The UN Security Council is deadlocked over two competing draft resolutions on the Strait of Hormuz, with neither commanding the votes to pass. Bahrain's draft, backed by the United States and the United Kingdom, invokes Chapter VII of the UN Charter and would authorise member states to use "all necessary means" to secure passage through the strait. Russia's alternative calls for negotiations and a ceasefire but contains no enforcement mechanism. Both drafts are expected to fail, leaving the world's most important energy chokepoint without an international legal framework for reopening it.
The Bahrain resolution is the more consequential of the two. It would authorise countries or naval coalitions to use military force to "repress, neutralise and deter attempts to close, obstruct or otherwise interfere with international navigation through the Strait of Hormuz," and demands that Iran "immediately cease all attacks against merchant and commercial vessels." The language mirrors the Chapter VII resolutions that authorised the Gulf War in 1991 and the Libya intervention in 2011.
Why It Will Fail
Russia and China have both signalled they will veto the Bahrain draft. Moscow's ambassador to the UN called it "a blank cheque for military escalation" and argued that authorising force while active negotiations are supposedly underway would be "reckless and counterproductive." Beijing has been more restrained in its public statements but has made clear privately that it will not support any resolution that could be used to justify an expansion of the war.
The Russian alternative, meanwhile, calls for an "immediate cessation of hostilities" and "good-faith negotiations under UN auspices" but contains no enforcement mechanism and no consequences for non-compliance. The United States has dismissed it as "performative" and the UK ambassador called it "a resolution designed to change nothing." It will fail because the US and UK will veto it, completing the deadlock.
Iran's Selective Opening
While the Security Council argues, Iran has implemented its own solution. Tehran announced last week that commercial vessels from "non-hostile nations" may transit the strait freely, provided they request permission from the Iranian Navy 48 hours in advance. Ships flying the flags of the United States, the United Kingdom, Israel, Bahrain, and the UAE are explicitly excluded. In practice, this means Iranian allies — China, Russia, India to some extent — can receive oil shipments, while Western economies cannot.

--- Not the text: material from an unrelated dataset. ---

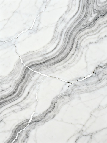 一个表面光滑、形态圆润的碗状大理石雕塑,置于白色平面上,光线从左上方柔和照射,在碗的右下方形成浅淡阴影,整体呈现极简主义的3D写实风格,大理石纹理细腻流畅,色彩改为深邃的墨黑色底色中交织着银灰色的飘逸纹路,保留原有的纹理走向和光泽感,营造出沉稳而优雅的氛围。

The selective opening is strategically brilliant. It allows Iran to claim it is not blockading international shipping — it is merely exercising sovereignty over its territorial waters. It fractures the international coalition against Iran by giving major oil importers like China and India an incentive to oppose Western enforcement action. And it creates a two-tier energy market in which countries that support Iran get oil at pre-war prices and countries that oppose it face the full impact of the supply shock.
The UK Summit Proposal
Britain has attempted to break the deadlock by offering to host an international security summit to develop a "viable, collective plan" for reopening the strait. The proposal, announced by the Foreign Secretary on Tuesday, would bring together maritime nations, energy importers, and Gulf states to negotiate a framework outside the Security Council's paralysis. It is a tacit admission that the UN system has failed and that an alternative diplomatic architecture is needed.
Whether the summit materialises depends on whether enough countries are willing to commit to a framework that Iran will reject and Russia will oppose. The strait remains effectively closed to Western shipping, and no resolution — at the UN or elsewhere — is going to change that without either Iran's consent or a military operation to force it open. The Security Council's deadlock is not the problem. It is the symptom of a world that cannot agree on whether Iran's closure of the strait is an act of war or an exercise of sovereignty.